It’s my bespoke stomping ground in the Intermatrix. You are very welcome, and thanks for stopping by…

This time, some genre mish-mashing in an epic battle of thriller vs historical romance


I thought that I’d have a play with a couple of books, in totally different genres: thriller and historical romance clashing head to coiffure (one of the two is not the type that I usually read, but Lee Child shouldn’t feel left out by that).

I thought I’d see where they took me when trying to compare the genres, checking out the tropes in the first few chapters…

GEORGETTE HEYER

“Sylvester”

First published 1957

Novel

Historical romance

Essentially timeless, allowing a reader to sink into it.

Style

  • Third person omniscient narrator, perfect tense – provides distance. Do not necessarily want to get inside the characters’ heads in this genre. Need that distance.
  • Various elements are used to paint a picture of opulence and privilege as the overall setting for the story.
  • Very formal, “old-fashioned” writing style with archaic language used – scythemen, breakfast parlour, things are agreeable, matters are of sufficient moment. Infelicitous. In keeping with the genre.
  • Names – Sylvester, Edmund, Ianthe.

Setting and character

  • Difficult to place in history with precision from the first few pages. The reader would be expected to place it in the Regency period, late 18th, early 19th century without the author spelling it out. You would be forgiven for expecting period historical detail later to place it more fully, but light touch.
  • Difficult to place geographically. Sylvester is the Duke of Salford, but it doesn’t really matter where it is, it’s the characters which are the important feature of the story, unless later the place becomes more relevant. I would not expect that to be the case in this genre other than to reinforce the sense of privilege. I would expect visits to the equivalent of the Pump Room and extravagant balls. We are set up for all of this in the first few pages.
  • First line: Sylvester in his breakfast parlour – sets the scene and prepares the reader for “Chance”, which has an “east front”. This genre demands a lavish house as a starting point to establish wealth and social importance.
  • Tudor-origin winged staircase, gallery guarded by two figures in full armour (not just any old armour). Building the feeling of solidity and the weight of history.
  • There are “scythemen” in the grounds, servants, a nanny, a butler, a footman.
  • The weather has robbed him of two hunting days – hunting would be a suitable pastime for a gentleman. Horse riding too.
  • Sylvester has a “huge inheritance”. Born to a “great position”, with “a long line of distinguished forebears”. Standard to have a well-established family. Therefore he has rank, wealth and elegance. All the pre-requisites of a historical romance leading man.
  • He is handsome, with a singularly charming smile, but with a slight rakish look when he frowns…He has the tiniest glimmer of a fault in his appearance no doubt intended to make him more attractive.
  • There is a liver-and-white spaniel, which is to be expected in this type of setting.

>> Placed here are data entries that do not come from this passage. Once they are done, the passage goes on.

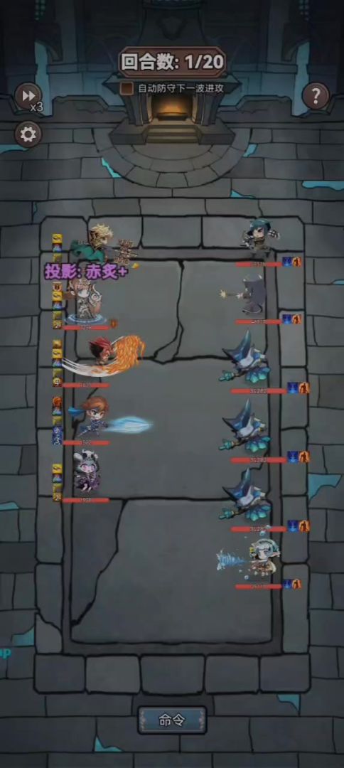 其实可以三队打,但因为实战被后面的大恶魔打破防了,就放弃了耗药较多的毒队节约补给。龙枪狂战打裂影都很方便,有稀有特质锁头,只要有一个英雄比裂影速度快就可以开局破山锤+开天斧全力输出裂影3回合,后面如果打不死召唤分身就用死神之镰清除,然后补个不屈盾扛过自爆buff时期。
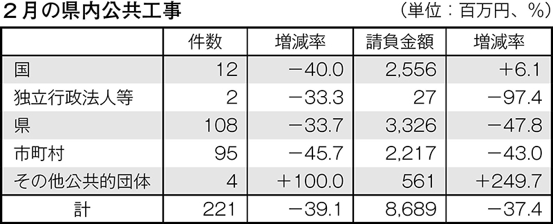 請負金額は37・4%減 2月の公共工事動向〈県内〉
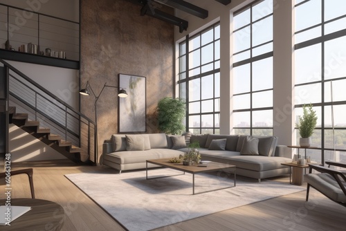 Natural Apartment Loft Luxury Interior with High Ceilings and Exposed Wood Beams Made with Generative AI
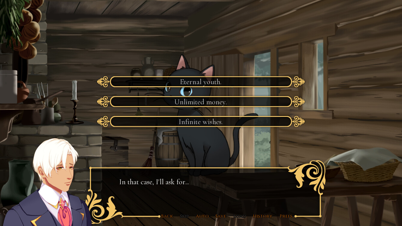 Turns out, the cat was actually a great spirit. It’s indebted to anyone who saves it, so it grants the human’s deepest desire.
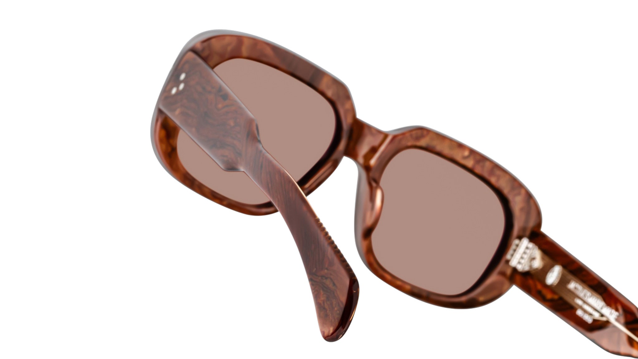 Brown 10mm cured cellulose acetate frame with custom double-laminated acetate temples and brown lenses. Exposed inner temple wirecore. Tension-secured custom 9-barrel hinges. Sweet brown CR-39 4-base lenses with backside anti-reflective treatment.
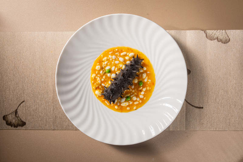 海参配橙色酱汁
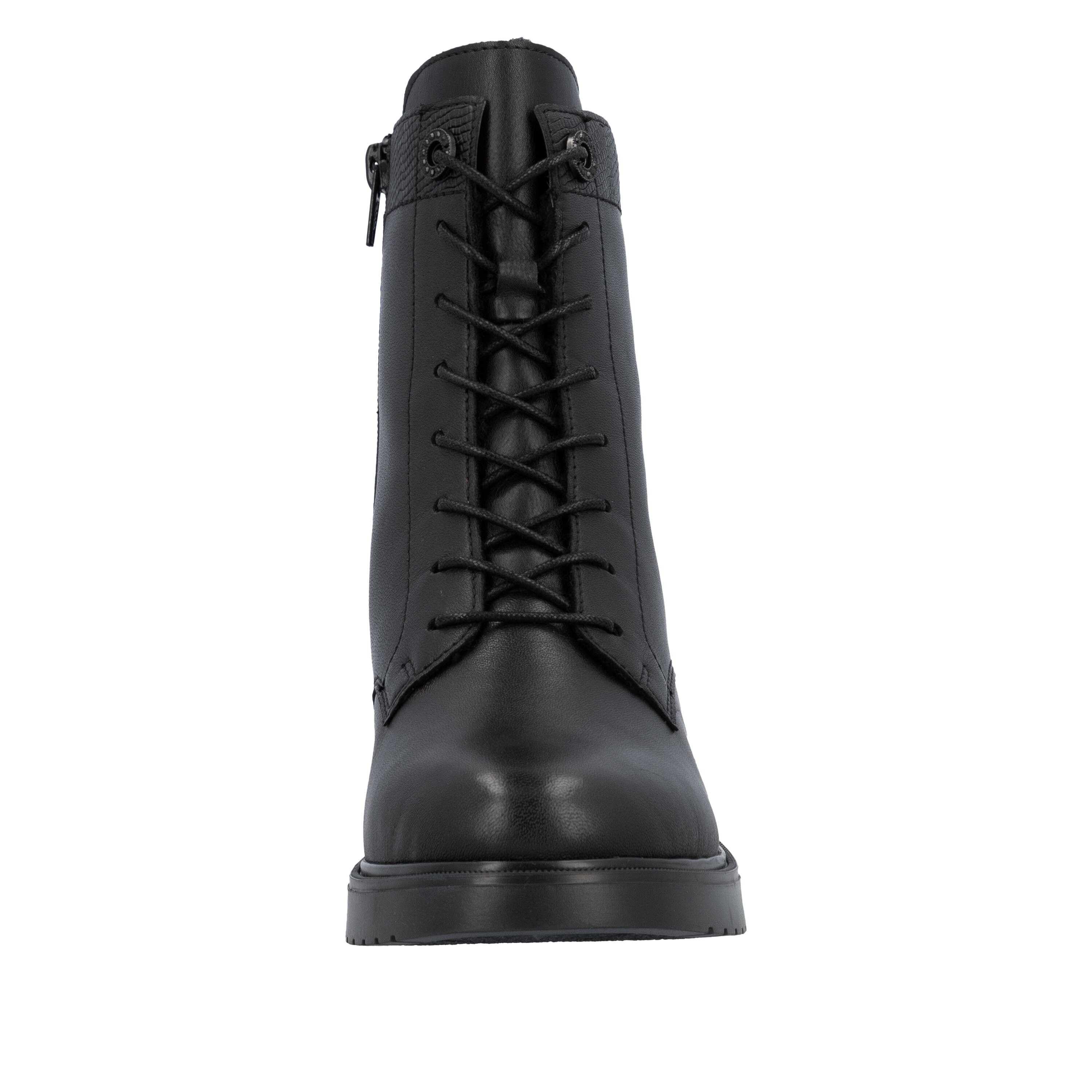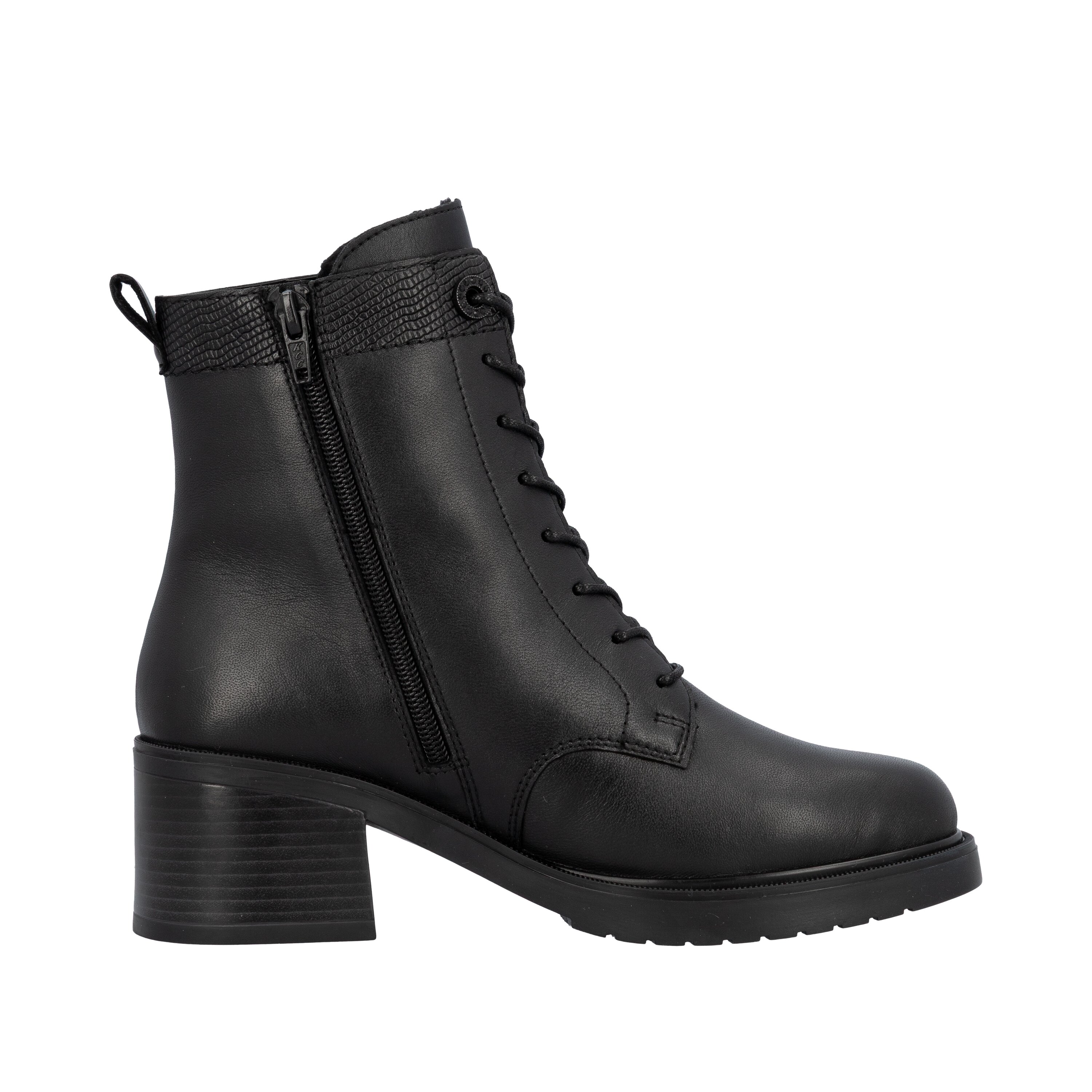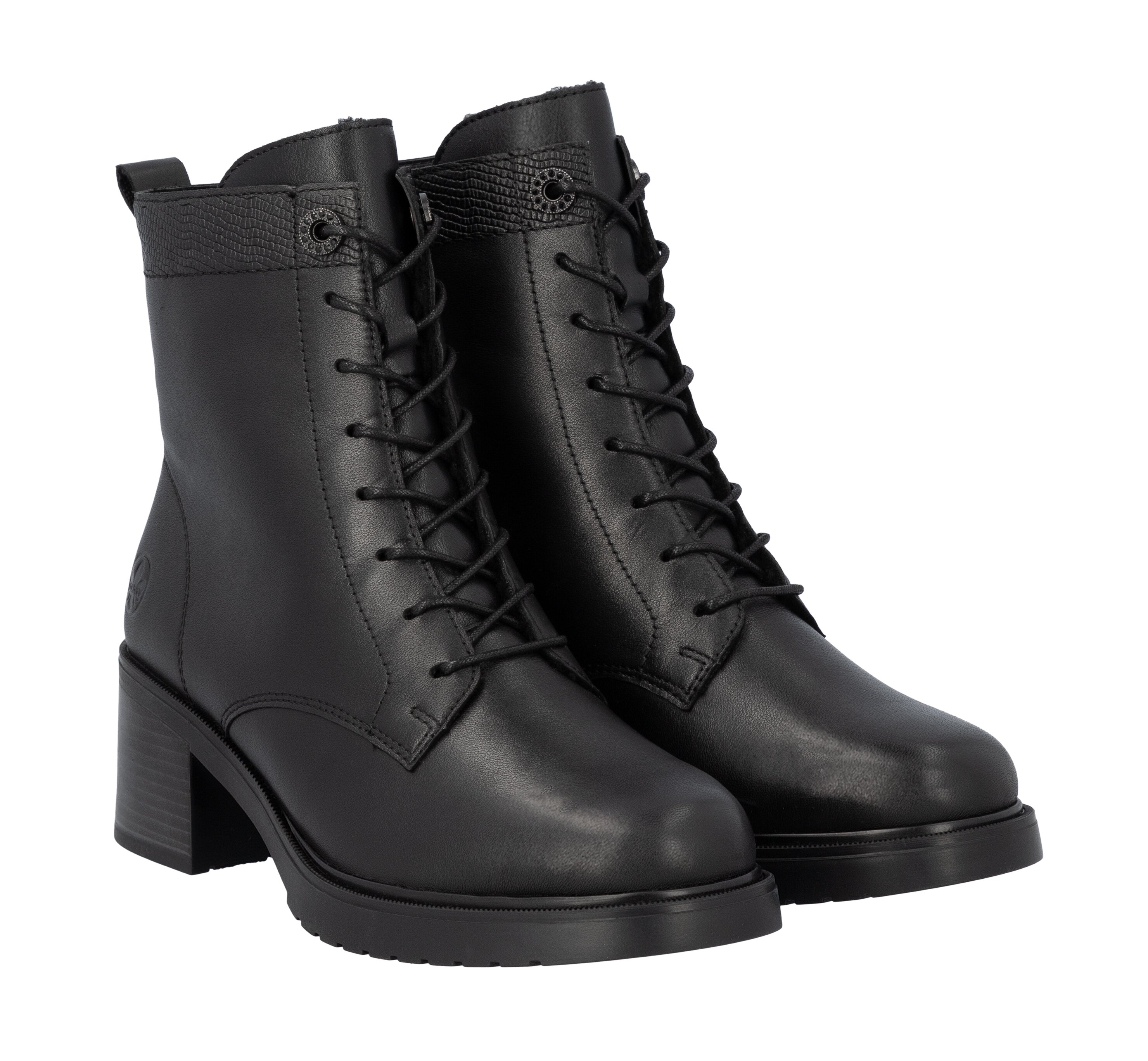 Kožená kotníková obuv v nadčasovém zpracování se zipem a šněrováním pro komfortní nazouvání na středním podpatku.
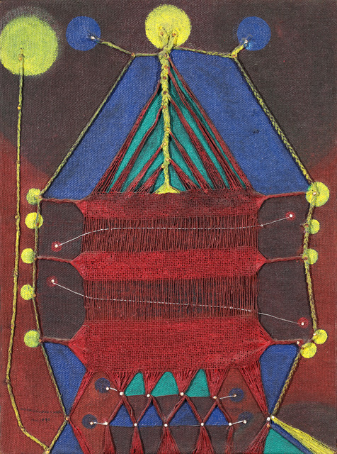 Balumar també fa una obra de caràcter abstracte, però en un altre direcció. Els elements formen geometries complexes. La pintura serveix a vegades per emfatitzar o crear atmosferes oníriques. A mi em fa pensar una mica amb els universos d’un Joan Ponç (1927-1984) o de l’Amèlia Riera (1928-2019). Són obres sòbries, de tonalitats contingudes, compositivament bastant racionals i un aire surrealista. És la seva manera de ser expressius.
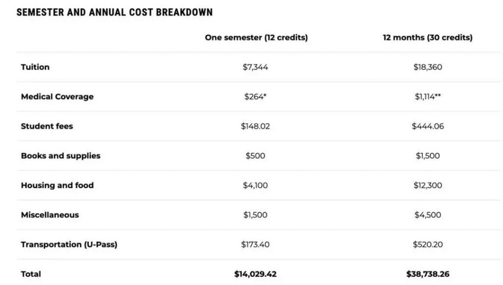 并且费用也相对于大学要便宜很多。与Langara College类似,国际学生每个学分收费为$612.
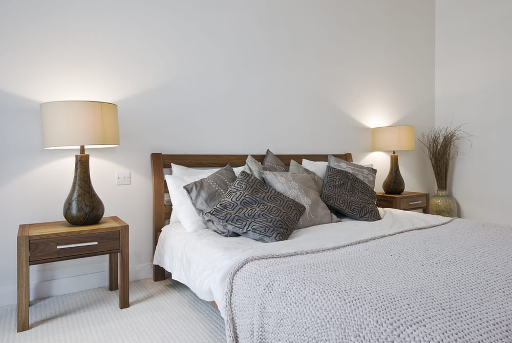 This bedroom boasts two stylish table lamps. They produce a warm light during the night.
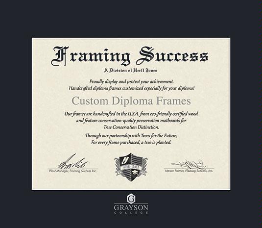 Grayson College Diploma Frame with Dark Black Mat and Silver Embossing
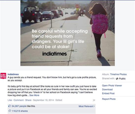 "Bạn không chỉ cung cấp hình ảnh cô bé của bạn cho một kẻ buôn trẻ em, bạn còn đưa cho hắn tên và vị trí chính xác nơi con bé học" - Facebook này nhấn mạnh sự nguy hiểm khi đăng tải thông tin và hình ảnh trẻ con lên mạng xã hội.
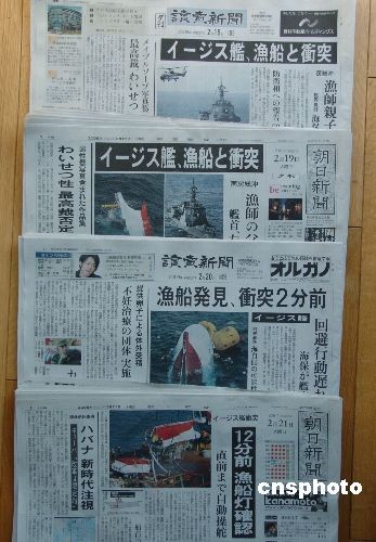 針對(duì)2月19日發(fā)生的日本宙斯盾軍艦撞沉漁船的事故,日本各大媒體連日來(lái)均在頭版頭條位置或者新聞節(jié)目的頭條時(shí)間突出報(bào)道,圖為19日至21日的合計(jì)發(fā)行量近2000萬(wàn)份的《讀賣(mài)新聞》和《朝日新聞》的頭版頭條報(bào)道。據(jù)報(bào)道,撞擊事件在日本政界引發(fā)了軒然大波,在野黨紛紛質(zhì)疑擁有“世界上最先進(jìn)的雷達(dá)系統(tǒng)”的軍艦為何突然不靈了,而首相福田則可能因此再次遭受新的打擊。中新社發(fā) 段躍中 攝
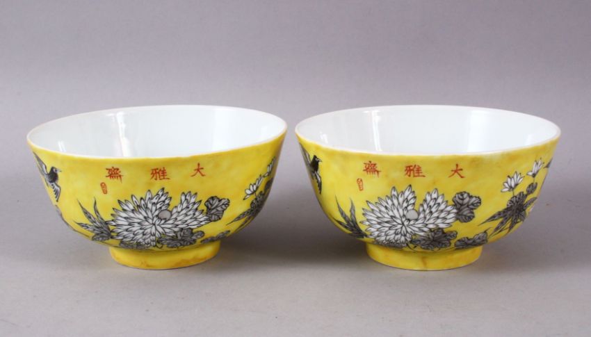 A PAIR OF CHINESE YELLOW GROUND PORCELAIN BOWLS, decorated with floral decoration and birds, the based with iron red seal marks, the front with red calligraphy, 10.5cm
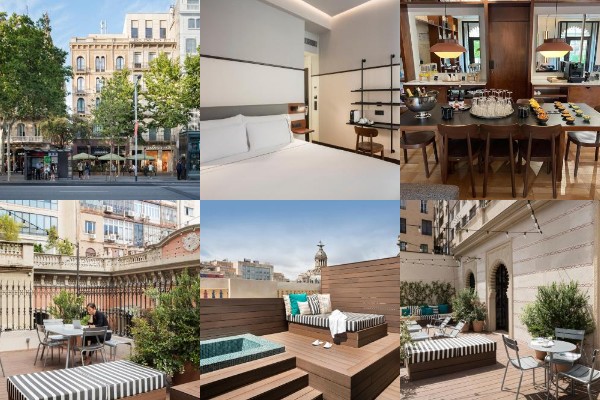 This stylish hotel is found two minutes from Plaça Catalunya and has a rooftop pool and a terrace.

No doubt it is graceful and loyal.
  • All tropes present and correct.

LEE CHILD

“Killing Floor”

First published 1998 – the first Jack Reacher book.

Novel

Thriller

Punchy title, punchy delivery.

Style

  • First person narrator, perfect tense – provides immediacy. Breathless. Things happen quickly and IN YOUR FACE.
  • Various elements are used to paint a picture of grit and toughness.
  • Clipped, aggressive writing style with modern language used – in keeping with the genre.
  • Short chapters for faster pacing.
  • Names – Jack Reacher – blunt and no nonsense. Baker and Stevenson (the cops) – everyman names.

Setting and character

  • First line: I was arrested in Eno’s diner. Compelling start. The impending arrest immediately sets the scene for the novel and does not relax.
  • There is a low-key, ordinary, everyday setting as the launch point – a diner, filled with non-descript civilians. Adds an air of earthy reality to the scene.
  • Drama injected early with police cruisers pulling up outside the diner.
  • Violent language and violent moves: screamed, yelled, focus on hardware and police tactics. Exclamation marks! Very short sentences and fragments to allow tension to be cranked up.
  • Rebellious language: reading about a President he hadn’t voted for and wouldn’t.
  • Set in the US, but assumes reader knows that. Good introduction of place – Georgia – when he is arrested and read his rights, including a state-appointed attorney, rather than saying: “I was in Georgia”…Then, arriving at the police station precisely places the action in the town of Margrave.
  • Action is more important than the exact location except for providing colour in this type of fiction to ground the action.
  • Reading Miranda rights – readers are expected to be aware, and reading the rights adds a further air of officialdom and authority to the scene. Typical in a thriller of this kind.
  • Description of the car and the tarmac again ground the action.
  • All tropes present and correct.
Sylvester is the Champion!

I think Historical Romance has marginally kicked ass and left Reacher gasping on the tropes, although the re-match is likely to be brutal (and quite polite).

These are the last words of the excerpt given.